NG – the contraction of the previous monicker 'Northgate' – is the musical expression of Evor Ameisie, since 1995 also a singer and percussionist in the collective of Camerata Mediolanense (where he is known as Trevor), a small cult object of the dark and neoclassical scene. The project has been active since 1992 and initially moves along the lines of darkwave, electronics, and ambient. Evor himself describes NG/Northgate as a dynamic project, in which instrumentalists alternate and revolve around the creative center – Evor himself – to give birth to something changeable. The synthesis and at the same time the metamorphosis of NG's artistic experience up to this point is represented by Dance of the Avantgardes, an album released digitally in 2011 and, in 2012, in physical format under Disques de l'Europe Morte, the label founded by Evor himself (the present album is its first publication), indicating that there is a desire to place no restrictions on creative expression. In this work, Evor is joined by Giovanni Libracub on bass, Manguss and Fabrizio Modonese Palumbo on guitars, and Il Bue on drums.
Dance of the Avantgardes is an album difficult to fully describe in terms of musical genre, perhaps impossible; maybe even unnecessary, just know that it is good music. There are dark vibrations, there is ambient, there is electronics, there is psychedelia, and there is something else, an originality that blends everything together and makes NG's offering special and unique.
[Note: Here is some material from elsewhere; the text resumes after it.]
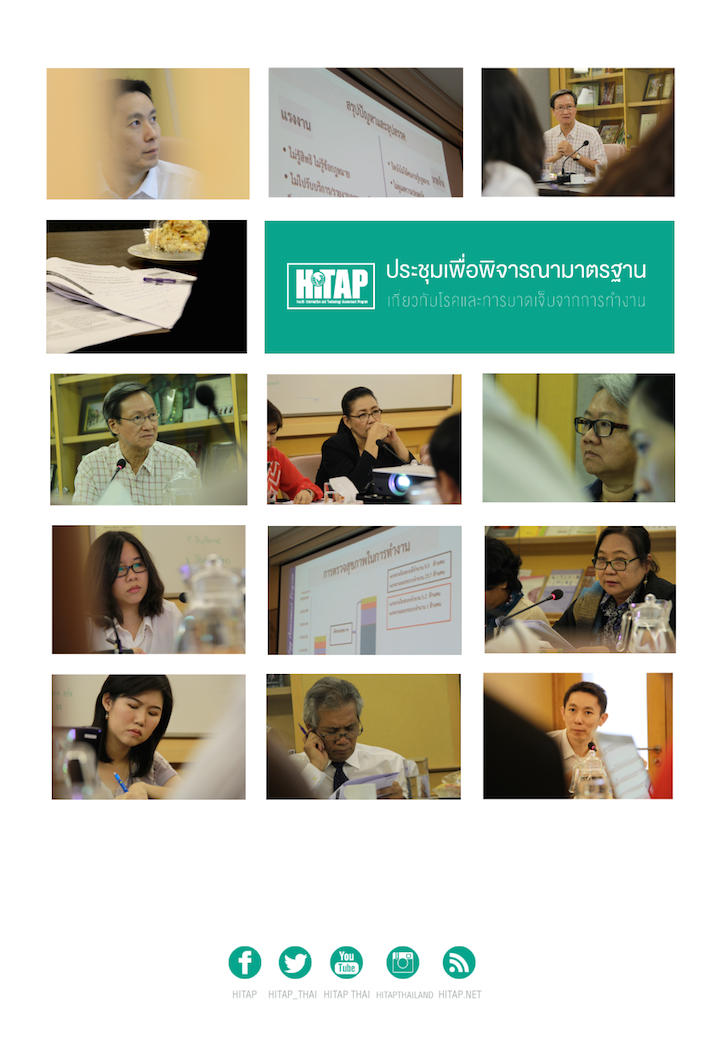 วันที่ 10 มิ.ย. 57 คณะผู้วิจัย HITAP จัดประชุมผู้เชี่ยวชาญด้านอาชีวะอนามัย เพื่อพิจารณาความเป็นไปได้ของมาตรการเกี่ยวกับโรคและการบาดเจ็บจากการทำงานที่เหมาะสมกับบริบทของประเทศไทย ซึ่งเป็นส่วนหนึ่งของโครงการพัฒนาข้อเสนอเพื่อปรับปรุงชุดสิทธิประโยชน์และระบบบริการด้านการสร้างเสริมสุขภาพและป้องกันโรคสำหรับผู้ใหญ่ และวัยทำงาน เพื่อเป็นข้อมูลประกอบการตัดสินใจของ สำนักงานหลักประกันสุขภาพแห่งชาติ (สปสช.)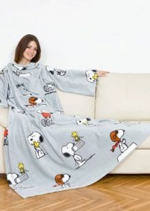 Do not be afraid of the awkwardness associated with the wide bottom of this model - a spacious hem when hiking in the kitchen or bathroom can be thrown on the shoulder in the manner of ancient Roman toga. Pajamas-blankets are often also equipped with a hood, which allows you to comfortably take a nap on the couch, wrapped in a blanket with a head.

Listening to these eight tracks, the impression one gets – or at least, the one I had – is of entering a friendly territory shrouded in protective mists, experiencing a sort of muffled comfort. Paperfog is the perfect introduction, with its enveloping initial motif obsessively repeated until the end, the bass ascending and descending and marking relaxed tempos, the synthetic backdrop and stretched guitar notes filled with feedback – almost to the edge of drone in the finale. Over all this, Evor's voice stands out, which in NG – unlike the full and baritone singing in Camerata – is always stretched, warm, enveloping, prominent yet sober. Each piece has its own character, is recognizable, but above all, is pleasing: the seductive atmospheres of Crimson Anger; the space-ambient and spiral form of T-Mask Man; the warmth, the pulsating bass and the final collective, almost celebrative voices of Thermal Lovesong; the hypnotic background noise and liquid, rarefied electronic atmospheres of Come and see Wild; the guitars and above all the drums that in Liquid Lambs rise and become more magmatic; and I’m Only Happy When I Hide (which at times brings to mind Ulver’s Shadows of the Sun), a long and solemn nocturnal dance in the forest, with the face turned towards the sky to peek at the stars through the branches of the trees. Then, just before the end, the album gives us an unexpected change of direction: Channel Me is an electronic piece to the core, which immediately captures with its rhythms, representing a sort of 'carefree finale'. A piece certainly successful, but that seems to deviate a little too much from the path followed up to that point in the album (without a doubt an intentional detail).
In summary, this effort by NG turns out to be very valid, fresh, special, with character; it escapes excessively confining classifications and carves out its own space in the underground scene. What to say: keep an eye on them.